Tuesday, July 26, 2011

On Greek Myths and General Airs of Superiority

The Bed of Procrustes. Ever heard of it? It's a Greek myth wherein Procrustes "fits" residents of his inn to his beds. It's a sort of metaphor for humans fitting worldly realities into neat little mental boxes, regardless of whether this actually makes sense or not. Besides being a myth, its also the title of a book by Nassim Taleb. He deliberately omits the point of the book for a quite apt reason: he doesn't want the reader's view clouded by some initial notion. The book is not fiction or non-fiction, an epic, full of cantos or epochs.
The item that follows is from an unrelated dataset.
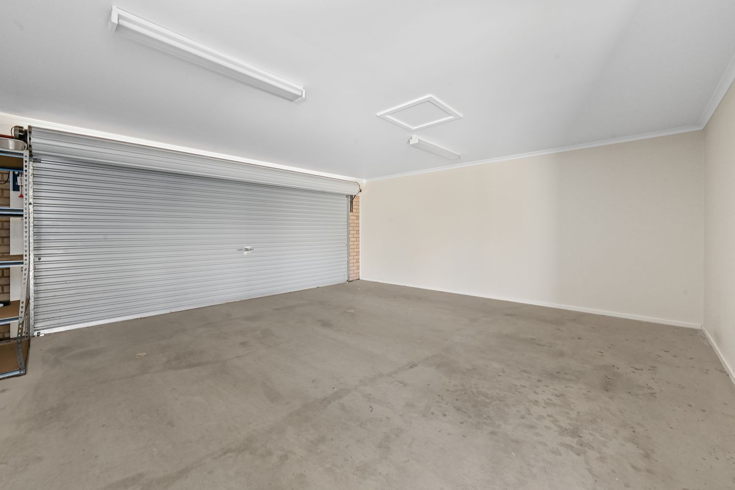 • Rear garage with concrete floor, automatic roller door (remote), and extra storage space

It's a collection of pithy sayings originated in Taleb's mind. To the generous and open-minded, its a wonderful gathering of wisdom and insights from a very educated man. To the cynical its an ego trip by someone who has decided long ago that the only reason to bestow his intelligence on the mere peons surrounding him was to make them buy his book. You'd have to be pretty obtuse to claim that Taleb is not a brilliant mind. You'd have to be living under a rock not to hear him trumpet his own horn. Even for the cynics who would delight in Taleb's fund becoming the victim of a black swan in an ironic twist of fates, The Bed of Procrustes delivers. My favorite quote: The characteristic feature of the loser is to bemoan, in general terms, mankind’s flaws, biases, contradictions, and irrationality—without exploiting them for fun and profit.